#### EXERCISE DESCRIPTION
Below is a listing from which only part is wanted; return exactly the lines from the one with "Mick Jagger Authentic" up to and including the one with "Monitor vs. the".

#### THE DATA
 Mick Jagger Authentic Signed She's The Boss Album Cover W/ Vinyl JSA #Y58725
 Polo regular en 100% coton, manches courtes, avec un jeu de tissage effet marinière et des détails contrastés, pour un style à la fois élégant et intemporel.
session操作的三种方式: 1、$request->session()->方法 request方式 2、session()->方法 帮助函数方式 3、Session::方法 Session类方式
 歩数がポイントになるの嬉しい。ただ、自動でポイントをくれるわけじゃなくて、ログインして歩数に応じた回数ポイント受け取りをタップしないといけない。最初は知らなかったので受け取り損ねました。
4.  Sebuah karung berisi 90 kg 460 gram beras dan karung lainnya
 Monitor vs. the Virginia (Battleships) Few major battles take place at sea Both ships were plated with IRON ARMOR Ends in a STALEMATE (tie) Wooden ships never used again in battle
---
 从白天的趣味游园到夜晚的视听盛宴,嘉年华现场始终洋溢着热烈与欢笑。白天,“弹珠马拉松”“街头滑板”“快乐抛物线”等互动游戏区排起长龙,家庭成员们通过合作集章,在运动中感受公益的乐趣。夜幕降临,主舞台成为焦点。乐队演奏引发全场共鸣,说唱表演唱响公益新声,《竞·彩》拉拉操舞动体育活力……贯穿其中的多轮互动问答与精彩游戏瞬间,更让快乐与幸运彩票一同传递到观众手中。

#### TASK SOLUTION
 Mick Jagger Authentic Signed She's The Boss Album Cover W/ Vinyl JSA #Y58725
 Polo regular en 100% coton, manches courtes, avec un jeu de tissage effet marinière et des détails contrastés, pour un style à la fois élégant et intemporel.
session操作的三种方式: 1、$request->session()->方法 request方式 2、session()->方法 帮助函数方式 3、Session::方法 Session类方式
 歩数がポイントになるの嬉しい。ただ、自動でポイントをくれるわけじゃなくて、ログインして歩数に応じた回数ポイント受け取りをタップしないといけない。最初は知らなかったので受け取り損ねました。
4.  Sebuah karung berisi 90 kg 460 gram beras dan karung lainnya
 Monitor vs. the Virginia (Battleships) Few major battles take place at sea Both ships were plated with IRON ARMOR Ends in a STALEMATE (tie) Wooden ships never used again in battle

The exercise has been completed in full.